Growing Flows Intensify Pressure on Local Currencies
The IMF said USD-pegged tokens could accelerate outflows during market stress. It pointed to past events to illustrate this risk. It asked readers to consider a scenario where stablecoins existed during the 2013 taper tantrum, when Federal Reserve signals caused sharp emerging-market currency drops and outflows. The report suggested that seamless peer-to-peer transfers could have quickened those outflows.
Stablecoins accepted under the U.S. GENIUS Act as permitted payment instruments can be traded freely on public blockchains. The IMF said this access allows anyone to hold USD-equivalent value without opening a bank account or engaging with traditional forex controls.
The report said these tokens operate as digital dollar channels and therefore may weaken monetary authority tools. It added that stablecoin activity now rivals the scale of several sovereign foreign-exchange reserves. The combined USDT and USDC market cap is near France’s reserves and larger than those of the United Kingdom, Israel, the UAE, and Thailand.

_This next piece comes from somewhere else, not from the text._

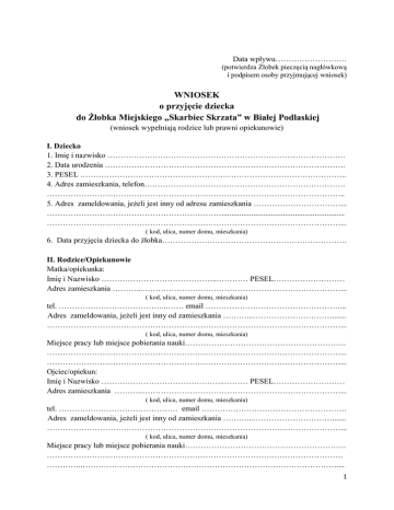 Data wpływu……………………… (potwierdza Żłobek pieczęcią nagłówkową i podpisem osoby przyjmującej wniosek) WNIOSEK o przyjęcie dziecka do Żłobka Miejskiego „Skarbiec Skrzata” w Białej Podlaskiej (wniosek wypełniają rodzice lub prawni opiekunowie) I. Dziecko 1. Imię i nazwisko ……………………………………………………………………………… 2. Data urodzenia ………………………………………………………………………………. 3. PESEL ……………………………………………………………………………………….. 4. Adres zamieszkania, telefon…………………………………………………………………. ………………………………………………………………………………………………….. 5. Adres zameldowania, jeżeli jest inny od adresu zamieszkania ……………………………... ………………………………………………………….............................................................. …………………………………………………………………………………………………... ( kod, ulica, numer domu, mieszkania) 6. Data przyjęcia dziecka do żłobka……………………………………………………………. II. Rodzice/Opiekunowie Matka/opiekunka: Imię i Nazwisko ……………………………………..………… PESEL……………………… Adres zamieszkania ………...…………………………………………………………………... ( kod, ulica, numer domu, mieszkania) tel. …………………………………...…… email ……………………………………………... Adres zameldowania, jeżeli jest inny od zamieszkania ………...…………………………....... …………………………………………………………………………………………………... ( kod, ulica, numer domu, mieszkania) Miejsce pracy lub miejsce pobierania nauki……………………………………………………. …………………………………………………………………………………………………... …………………………………………………………………………………………………... Ojciec/opiekun: Imię i Nazwisko ………………………………………..……… PESEL……………………… Adres zamieszkania ………..…………………………………………………………………... ( kod, ulica, numer domu, mieszkania) tel. ……………………………………… email ………………………………………………. Adres zameldowania, jeżeli jest inny od zamieszkania ………...…………………………....... …………………………………………………………………………………………………... ( kod, ulica, numer domu, mieszkania) Miejsce pracy lub miejsce pobierania nauki……………………………………………………. …………………………………………………………………………………………………. …………..…………………………………………………………………………………….... 1 III. Dane o stanie zdrowia: a) stan zdrowia dziecka ………………………………………………………………………… b) dziecko urodzone w porodzie: przedwczesnym, o czasie, po terminie uzyskało liczbę punktów wg Apgar ………………………………………………………………………….. c) stosowana dieta: - rodzaj mleka ………………………………………………………………………………….. - ograniczenia pokarmowe ……………………………………………………………………... - zmiany w żywieniu w czasie pobytu dziecka w żłobku (w załączniku zaświadczenie lekarskie)………………………………………………………………………………………. Data wydania Rodzaj diety Wskazania do stosowania diety zaświadczenia d) dziecko choruje przewlekle: NIE/TAK (rodzaj schorzenia) ………………………………… e) alergia: NIE/TAK (jakiego rodzaju) ………………………………………………………. f) urazy: NIE/TAK (jakie) ……………………………………………………………………… g) hospitalizacje, zabiegi chirurgiczne NIE/TAK (z jakiego powodu) …………….................... …………………………………………………………………………………………………... h) wady wrodzone, obciążenia dziedziczne: NIE/TAK (jakie) ……………………………… i) dziecko jest pod opieką specjalisty, np. lekarza, psychologa, fizjoterapeuty, logopedy, innych: NIE/TAK (rodzaj specjalisty, z jakiego powodu) ……………………………………... ………………………………………………………………………………………………….. …………………………………………………………………………………………………... j) reakcja dziecka na wysoka temperaturę: drgawki: NIE/TAK, inne: ………………………... k) rodzaj leku przeciwgorączkowego, który dziecko może otrzymać w Żłobku: ……………… …………………………………………………………………………………………………... l) dziecko jest szczepione zgodnie z kalendarzem szczepień: TAK/NIE, ponieważ ………….. …………………………………………………………………………………………………... ł) inne informacje dotyczące stanu zdrowia dziecka ………………………………………...… ………………………………………………………………………………………………….. …………………………………………………………

The IMF asked a central question: How will emerging markets manage monetary stability if residents increasingly choose USD-linked tokens instead of domestic currencies?
Related: Wall Street Banks Quietly Test Stablecoins With Coinbase
Global Data Shows Expanding Cross-Border Stablecoin Activity
New IMF data shows stablecoin cross-border flows surpassing flows from unbacked crypto assets since early 2022. The gap continues to widen.
The Asia-Pacific region records the largest absolute volumes. North America follows closely. Yet flows scaled to GDP show stronger trends across Africa, Latin America, the Middle East, and the Caribbean.
The IMF said these regions dominate 2024 activity, accounting for the largest share of $1.5 trillion in cross-border stablecoin flows. It described these movements as small relative to the global payments system but significantly different from SWIFT corridors, which concentrate in advanced economies.
The report additionally presented the recommendations from the IMF, the Financial Stability Board, and global standard-setting organizations. It enumerated nine suggested actions, including reinforcing monetary frameworks, clarifying legal treatment, applying FATF standards, and increasing international cooperation.